Over the last few months, as the COVID-19 pandemic continues to hurt the Las Vegas gambling industry, it was revealed that the company was looking into selling its Las Vegas casinos. With Adelson’s death, those plans might be up in the air. It was also reported that Adelson was pushing for the legalization of brick-and-mortar casinos in Texas, as gambling has exploded there with legalized card rooms.
While Adelson made a fortune becoming a casino magnate, he was well-known in the poker world for being vehemently against all forms of online gambling.
In 2011, several months after the U.S. government cracked down on online poker operators still doing business within its borders, Adelson made his anti-online gambling views public, citing moral concerns and a belief that the technology wasn’t available to stop underage gaming.
Despite many of his peers believing that online gambling should be legal and regulated, Adelson took the opposite opinion and called it a “toxin” and said that he was “willing to spend whatever it takes” to keep online poker out of the U.S.
He was a large donor to Republican candidates who supported the prohibition. Adelson contributed a total of $480 million to the party over the last decade, including a record $172.7 million in 2020 alone.
In January 2014, Adelson formed The Coalition to Stop Online Gambling.

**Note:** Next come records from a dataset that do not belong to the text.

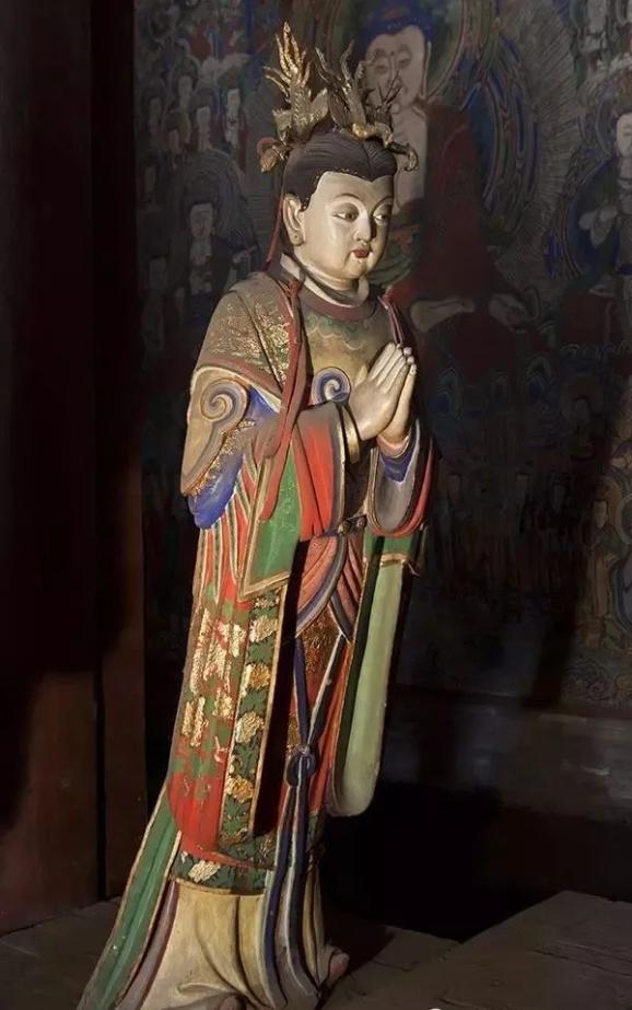 位置:南侧诸天佛台西一,通高:3.16米,肩宽:0.681米。女相,头戴凤冠,背着披帛,胸配云牌,身着霞披,拱手合十,身姿庄重。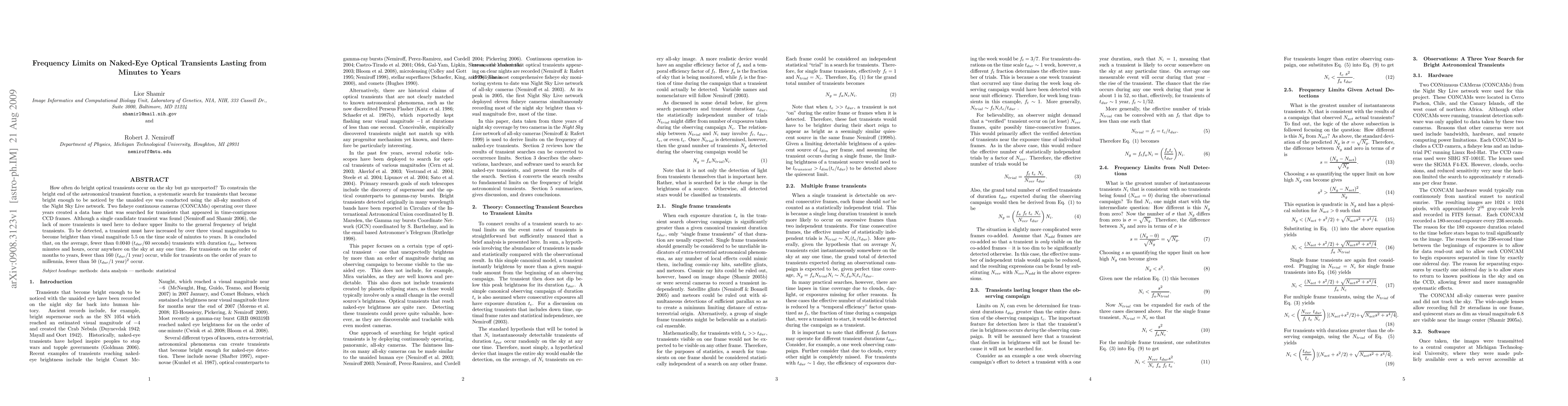 How often do bright optical transients occur on the sky but go unreported? To constrain the bright end of the astronomical transient function, a systematic search for transients that become bright enough to be noticed by the unaided eye was conducted using the all-sky monitors of the Night Sky Live network. Two fisheye continuous cameras (CONCAMs) operating over three years created a data base that was searched for transients that appeared in time-contiguous CCD frames. Although a single candidate transient was found (Nemiroff and Shamir 2006), the lack of more transients is used here to deduce upper limits to the general frequency of bright transients. To be detected, a transient must have increased by over three visual magnitudes to become brighter than visual magnitude 5.5 on the time scale of minutes to years. It is concluded that, on the average, fewer than 0.0040 ($t_{dur} / 60$ seconds) transients with duration $t_{dur}$ between minutes and hours, occur anywhere on the sky at any one time. For transients on the order of months to years, fewer than 160 ($t_{dur} / 1$ year) occur, while for transients on the order of years to millennia, fewer than 50 ($t_{dur}/1$ year)$^2$ occur.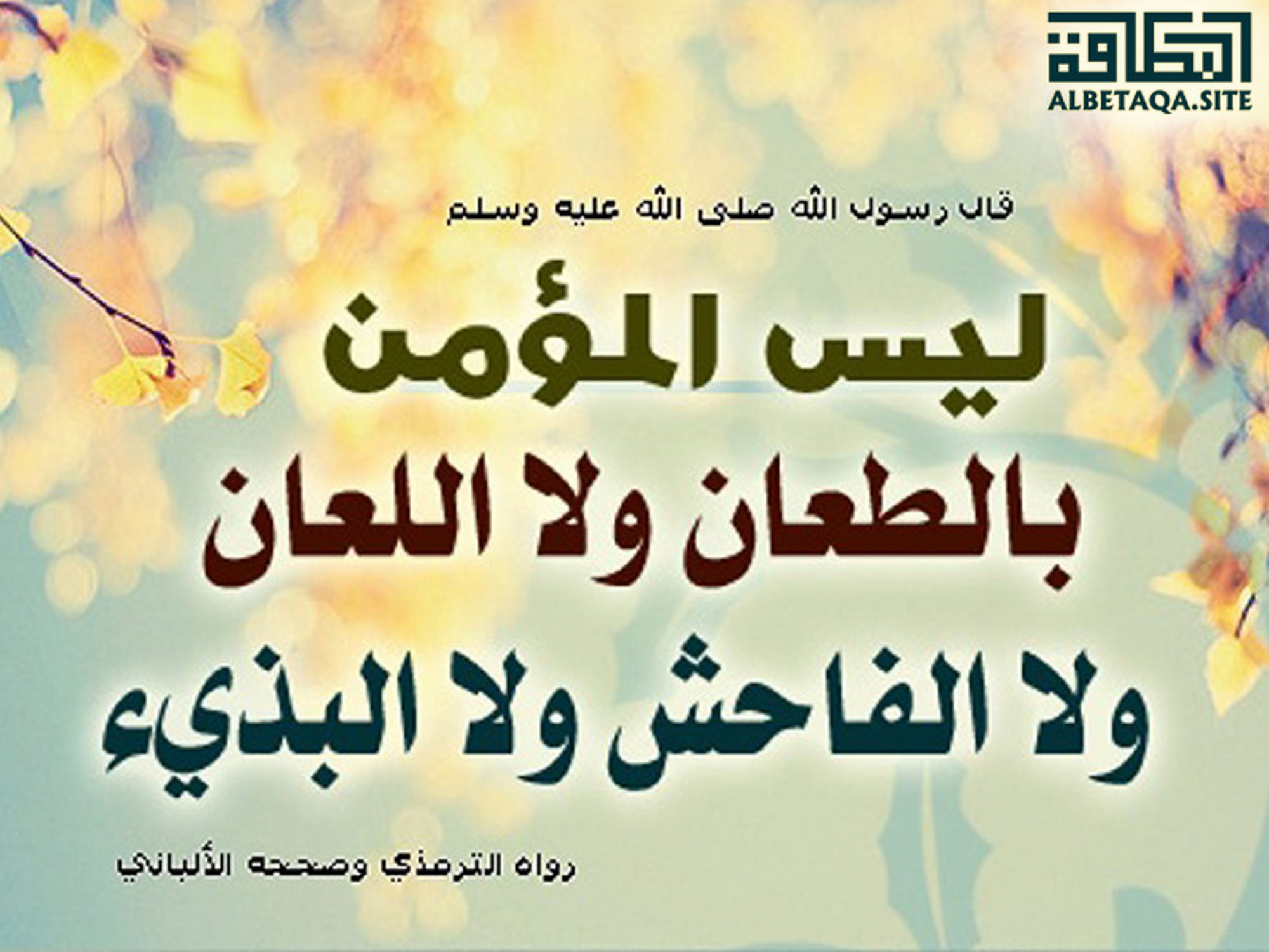 (ليس المؤمن بالطعان ولا اللعان ولا الفاحش ولا البذئ). رواه الترمذي وصححه الألباني

About a year after the formation, the lobbying group publicly supported the Restore America’s Wire Act, which would alter the DOJ’s 2011 interpretation of the Wire Act, which stated that the law only applied to sports betting.
RAWA would make it illegal for all forms of gambling to take place across state lines, effectively outlawing all forms of interstate online poker. While the bill never picked up any significant steam, Adelson eventually got his way at the start of 2019 when the DOJ reconsidered the 2011 opinion and sided with Adelson.
The 2019 opinion is now in the middle of what is likely a lengthy legal battle after the New Hampshire Lottery filed suit. Along with online gambling, a strict interpretation of the Wire Act could shut down lotteries like Powerball, which operate across state lines to pool liquidity.